Africa Emerges as a Continent of Economic Opportunity


In the past decade, Africa has emerged in the consciousness of the world in the context of an evolution in the continent’s image. Africa is not yet seen as the place to be, to go to, or to be envied in terms of economic or societal progress. Indeed, still too many people around the world hold a decidedly different view. Gradually but surely, however, Africa is increasingly viewed less as a “hopeless” continent and more as one with promise for economic development; less as a haven of poverty, war and natural disaster and more as a continent that offers economic opportunity.
In short, Africa is seen more as a “normal”, even if less prosperous place compared to many other parts of the world than what it once was; a decidedly “abnormal” place off the map of the mental imagination. This recent emergence and positive evolution of the continent’s image has led to the growth of an “Africa-Rising” industry of analysts, commentators, scholars and business executives which sees the continent as the next big thing in the world’s economy. The continent in this view can lay claim to a looming “African Century” close on the heels of the economic rise of Asia in the 20th and 21st centuries.

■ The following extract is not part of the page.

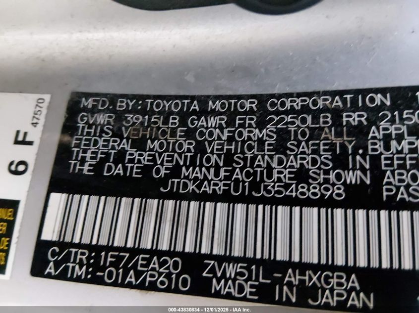 2018 TOYOTA PRIUS 2018 року Гібрид, 1.8, Передній привід, vin - JTDKARFU1J3548898 з США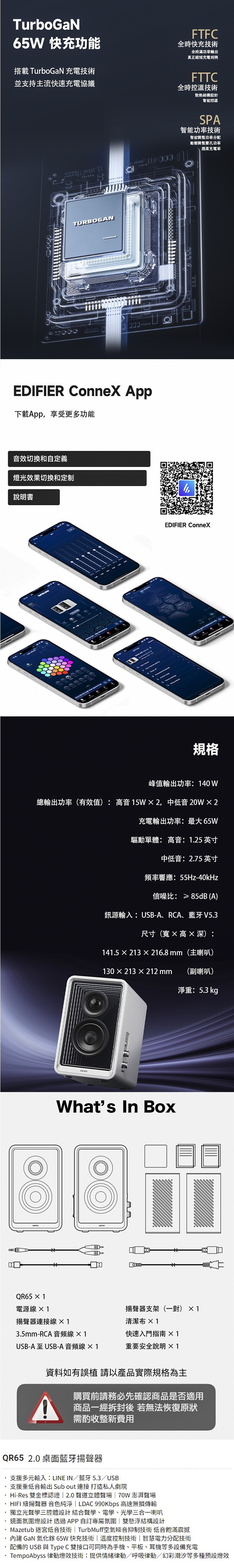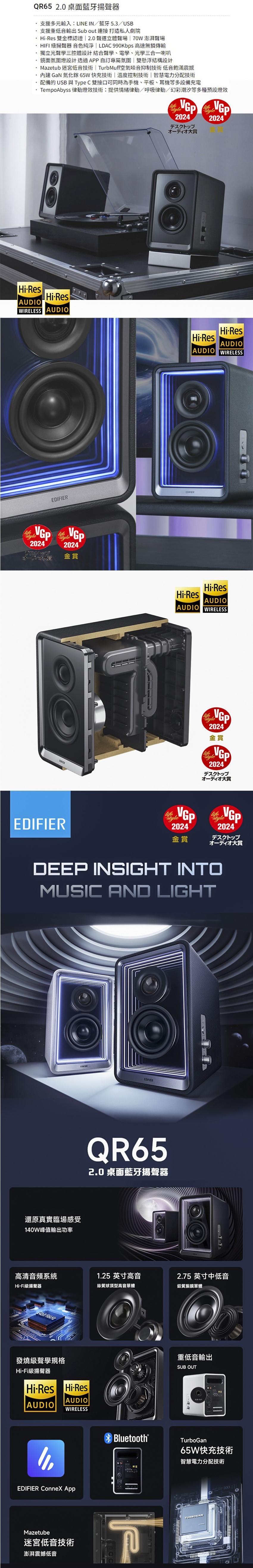EDIFIER 漫步者 QR65 2.0 桌面藍牙揚聲器 公司貨

Three main factors have shaped this trend. Firstly, many of the wars for which Africa was famous have ended. The wars in Sierra Leone and Liberia, the Great Lakes region of Africa including Rwanda and the Democratic Republic of Congo, as well as the long, armed conflicts in the Horn of Africa in Ethiopia, Eritrea and Sudan were and are only a few of the destructive orgies of annihilation of human capital, political stability and economic possibilities that shaped perceptions of Africa as a war zone writ large in the 1980s, the 1990s and the 2000s.
As most of these conflicts have ended, more recent ones have raged in Mali and the Central African Republic, keeping the world’s peacekeeping armies in business. But the continent is far more at peace now than it once was, clearing the path for a shift in attention to democratisation and economic development.